- **Problem requirements**:
Within the records below, find the line with "广州方向:印度、英国、美国纽约、西雅图,从移动西雅图节点直连回来" and the line with "No way around", then reproduce exactly those two lines and all lines between them, without any picture.

- **Data shown**:
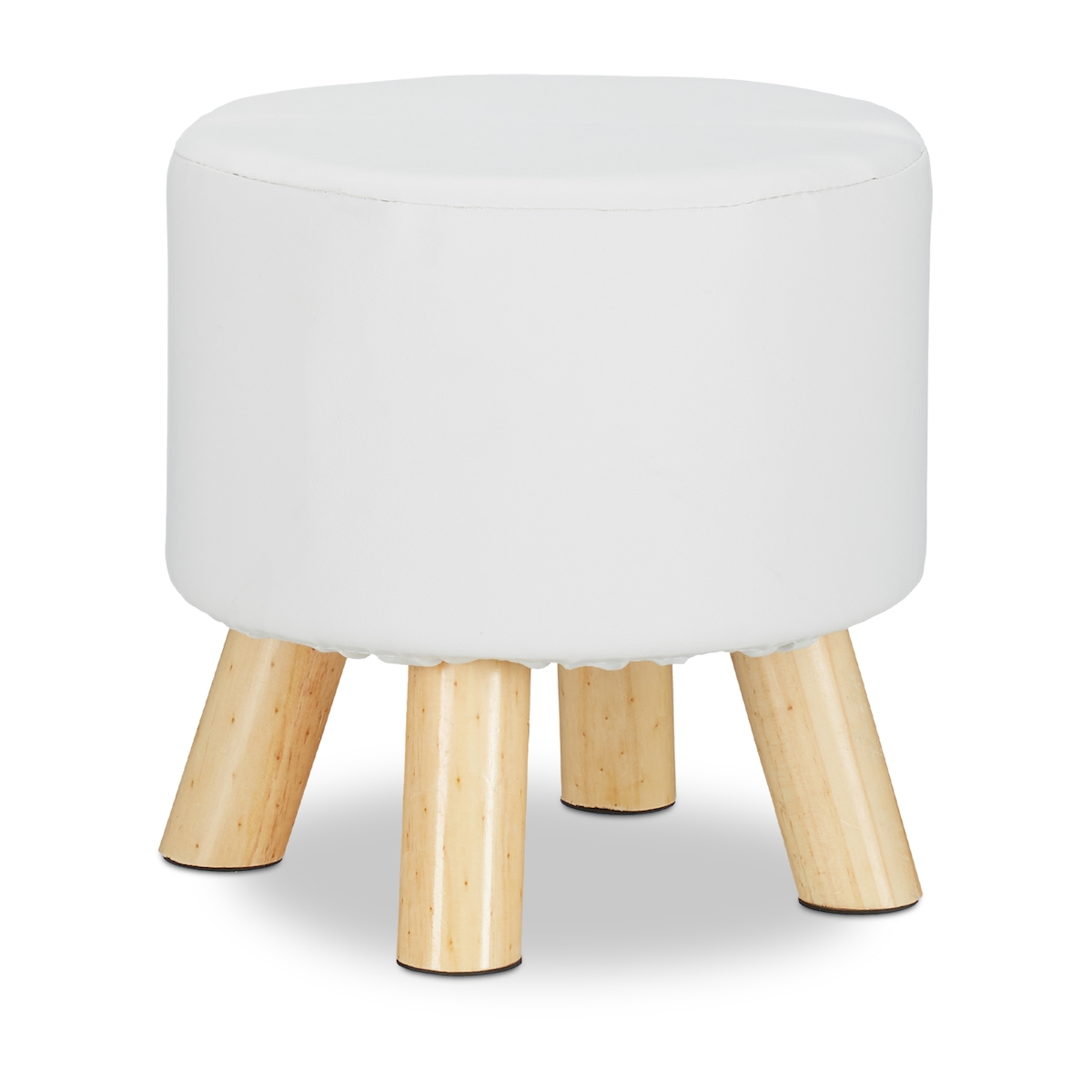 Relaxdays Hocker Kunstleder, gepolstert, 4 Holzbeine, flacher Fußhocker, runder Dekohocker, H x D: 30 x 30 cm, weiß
==
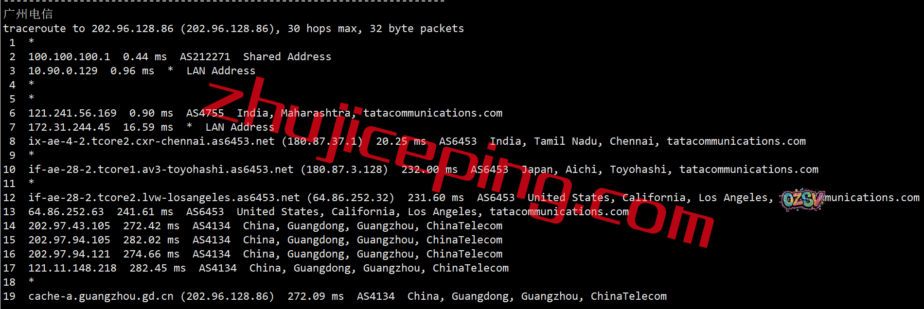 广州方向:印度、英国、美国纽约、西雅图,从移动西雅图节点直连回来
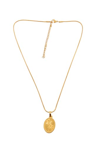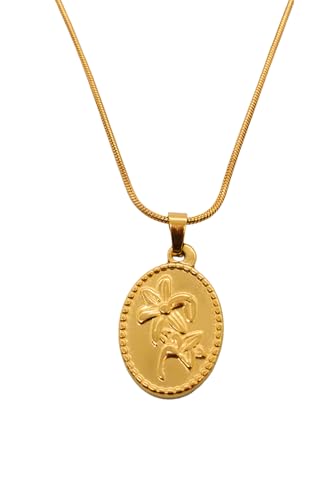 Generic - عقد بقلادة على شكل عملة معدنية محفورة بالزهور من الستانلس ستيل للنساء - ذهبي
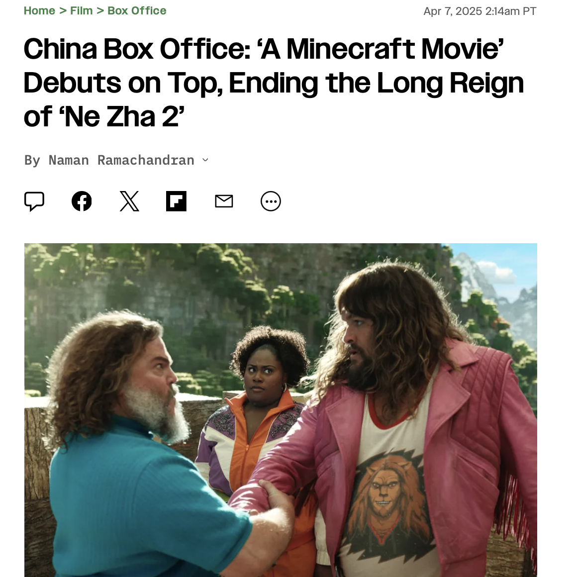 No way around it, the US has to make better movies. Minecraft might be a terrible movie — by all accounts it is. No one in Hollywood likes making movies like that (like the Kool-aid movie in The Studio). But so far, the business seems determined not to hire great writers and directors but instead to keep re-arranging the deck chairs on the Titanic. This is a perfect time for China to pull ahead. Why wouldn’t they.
* * *
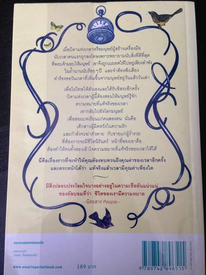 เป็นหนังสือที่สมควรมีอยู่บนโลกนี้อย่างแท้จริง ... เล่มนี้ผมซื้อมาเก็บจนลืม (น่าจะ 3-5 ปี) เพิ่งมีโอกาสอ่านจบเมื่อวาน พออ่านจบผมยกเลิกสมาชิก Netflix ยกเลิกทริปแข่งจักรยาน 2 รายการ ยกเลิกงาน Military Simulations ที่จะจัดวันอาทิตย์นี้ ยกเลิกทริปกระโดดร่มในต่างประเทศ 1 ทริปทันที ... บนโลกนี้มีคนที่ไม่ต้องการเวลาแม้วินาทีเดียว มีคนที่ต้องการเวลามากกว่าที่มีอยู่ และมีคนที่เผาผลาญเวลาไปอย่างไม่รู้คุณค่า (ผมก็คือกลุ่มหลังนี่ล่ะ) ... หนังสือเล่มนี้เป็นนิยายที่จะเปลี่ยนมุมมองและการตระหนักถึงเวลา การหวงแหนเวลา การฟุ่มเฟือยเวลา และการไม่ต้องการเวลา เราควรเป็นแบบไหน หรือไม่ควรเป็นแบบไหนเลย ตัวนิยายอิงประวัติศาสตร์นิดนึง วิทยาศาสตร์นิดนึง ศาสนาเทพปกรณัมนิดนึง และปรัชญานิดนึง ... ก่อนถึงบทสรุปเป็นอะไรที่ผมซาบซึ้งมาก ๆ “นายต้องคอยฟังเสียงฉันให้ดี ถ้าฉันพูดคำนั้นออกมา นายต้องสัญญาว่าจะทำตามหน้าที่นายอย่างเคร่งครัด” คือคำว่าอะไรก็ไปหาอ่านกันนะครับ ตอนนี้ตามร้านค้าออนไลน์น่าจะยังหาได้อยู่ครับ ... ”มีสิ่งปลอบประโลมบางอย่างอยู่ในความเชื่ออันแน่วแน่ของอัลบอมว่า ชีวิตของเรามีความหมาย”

- **Finished task**:
 广州方向:印度、英国、美国纽约、西雅图,从移动西雅图节点直连回来
 Generic - عقد بقلادة على شكل عملة معدنية محفورة بالزهور من الستانلس ستيل للنساء - ذهبي
 No way around it, the US has to make better movies. Minecraft might be a terrible movie — by all accounts it is. No one in Hollywood likes making movies like that (like the Kool-aid movie in The Studio). But so far, the business seems determined not to hire great writers and directors but instead to keep re-arranging the deck chairs on the Titanic. This is a perfect time for China to pull ahead. Why wouldn’t they.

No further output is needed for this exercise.